Exercise data.
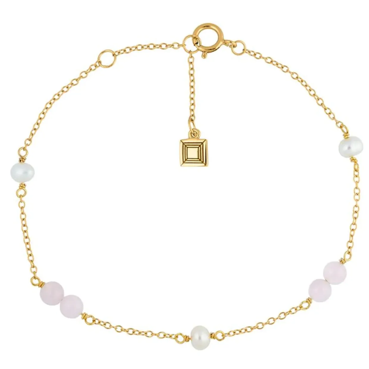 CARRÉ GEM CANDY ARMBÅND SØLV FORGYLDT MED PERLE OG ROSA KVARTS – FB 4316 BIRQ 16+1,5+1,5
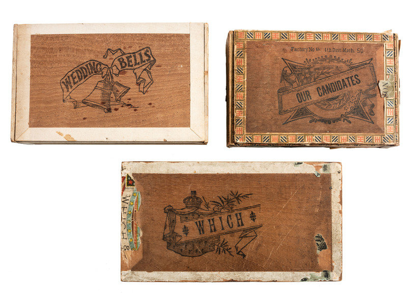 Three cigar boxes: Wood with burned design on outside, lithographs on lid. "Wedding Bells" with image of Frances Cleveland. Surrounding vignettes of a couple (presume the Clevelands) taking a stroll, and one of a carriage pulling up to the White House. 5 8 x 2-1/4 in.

* * *

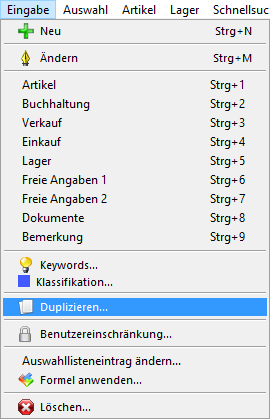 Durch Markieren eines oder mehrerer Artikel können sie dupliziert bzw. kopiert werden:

Exercise requirements. Using the records above, repeat exactly the run of lines that starts with the line with "CARRÉ GEM CANDY" and goes on through the line with "Three cigar boxes: Wood"; omit each picture.

Result for this task.
 CARRÉ GEM CANDY ARMBÅND SØLV FORGYLDT MED PERLE OG ROSA KVARTS – FB 4316 BIRQ 16+1,5+1,5
 Three cigar boxes: Wood with burned design on outside, lithographs on lid. "Wedding Bells" with image of Frances Cleveland. Surrounding vignettes of a couple (presume the Clevelands) taking a stroll, and one of a carriage pulling up to the White House. 5 8 x 2-1/4 in.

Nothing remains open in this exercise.